A graph rule for choosing which variables to adjust for. Conditioning on a set that blocks all backdoor paths identifies the ATE.

Propensity score e(X)

P(T = 1 | X). The probability of receiving treatment given covariates, usually estimated by logistic regression. IPW reweights by 1/e(X).

IPW — Inverse Probability Weighting

Re-weight each unit by the inverse of its propensity score. Creates a pseudo-population where treatment looks randomly assigned.

Doubly Robust (AIPW)

Combines an outcome model with a propensity score model. Consistent if either model is correct — two shots at identification.

Refutation test

A perturbation of the data (fake treatment, added random confounder, subsample) used to stress-test a causal estimate. The estimate should change in predictable ways.

Placebo test

Replace the real treatment with a random one. If the estimate stays large, the original effect was probably an artifact.

Identification

Whether the causal effect can be computed from observable data alone. Step 2 of DoWhy answers this before any estimation runs.
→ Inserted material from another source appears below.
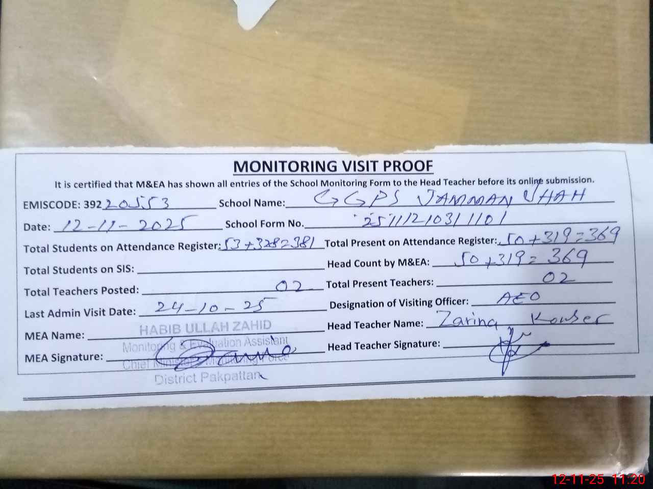 | EMIS Code: 39220553 | Name of School: GGPS JAMAN SHAH | |||

Confounder Lab — feel how confounding biases the naive estimate

The simulated data has one treatment d and many covariates that influence both d and outcome y. The true ATE is fixed at α = 0.5 (steel line in the chart). Slide the confounding strength and watch the orange "naive" bar drift away from the truth — then watch the teal "adjusted" bar (using the backdoor criterion) snap back to α. The bigger the gap, the more adjustment matters.

Sample size n 200

More data ⇒ tighter estimates; bias from confounding does not shrink with n.

Number of covariates p 20

All of them are confounders here (affect both d and y).

Confounding strength 0.70

How strongly covariates push both d and y. Stronger ⇒ larger naive bias.

Asymmetry 0.30

0 = covariates push d and y equally · 1 = covariates push d much more than y.

Naive estimate

α̂ from a simple OLS of y on d alone — no adjustment.

α̂—

SE(α̂)—

bias from truth—

Backdoor-adjusted

α̂ from OLS of y on d and all p covariates — the backdoor criterion.

α̂—

SE(α̂)—

bias from truth—

What to look for

Slide confounding strength right. The orange "naive" bar drifts far from the true α; the teal "adjusted" bar stays close to it. This is the bias confounders create when ignored.
Slide asymmetry right. When covariates predict treatment but barely predict the outcome, the gap between naive and adjusted shrinks — confounding only bites when covariates affect both sides.
Add more sample size. Both bars get tighter, but the naive bar's bias does not shrink. More data does not fix confounding — adjustment does.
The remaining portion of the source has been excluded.